Страница 5 из 40
(«Ей нравятся стариканы?» – полюбопытствовала Лайла, хлопая глазами и прижимаясь к его бедру.)
Второй этаж занимала их спальня, комната Джареда и спальня для гостей, которую супруги приспособили под домашний кабинет. На первом этаже широкую и светлую кухню отделяла от гостиной барная стойка. Справа от гостиной, за закрытыми стеклянными дверями, находилась практически не используемая столовая.
Клинт пил кофе за барной стойкой на кухне и читал с айпада «Нью-Йорк таймс». Землетрясение в Северной Корее привело к жертвам, число которых не называлось. Власти Северной Кореи заявляли, что урон минимален благодаря «превосходной архитектуре», но на видео с мобильников хватало и трупов, и руин. Нефтедобывающая платформа горела в Аденском заливе, вероятно, в результате диверсии, но ответственность на себя пока никто не взял. Все страны в регионе в дипломатическом смысле повели себя как мальчишки, игравшие в бейсбол и разбившие окно: не оглядываясь, разбежались по домам.
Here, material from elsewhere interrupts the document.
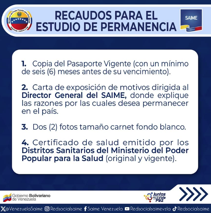 Entre los recaudos se encuentran: copia del pasaporte vigente (con un mínimo de seis (6) meses antes de su vencimiento), una carta de exposición de motivos dirigida al Director General del Saime, en la que se expliquen las razones por las cuales se desea permanecer en el país, así como también dos (2) fotos tamaño carnet con fondo blanco, y un certificado de salud emitido por los Distritos Sanitarios del Ministerio del Poder Popular para la Salud (original y vigente).

В пустыне Нью-Мексико пошел сорок четвертый день противостояния ФБР и местного ополчения, возглавляемого Сродником Благовестом (он же Скотт Дэвид Уинстид-младший). Эти веселые ребята отказывались платить налоги, признавать верховенство Конституции или сдавать свой немалый арсенал автоматического оружия. Когда люди узнавали, что Клинт – психиатр, они часто обращались к нему с просьбой назвать психические заболевания, которыми, по его мнению, страдали политики, знаменитости и прочие видные деятели. Обычно он отнекивался, но в этом случае полагал, что может поставить правильный диагноз на расстоянии: у Сродника Благовеста, несомненно, одна из разновидностей диссоциативного расстройства.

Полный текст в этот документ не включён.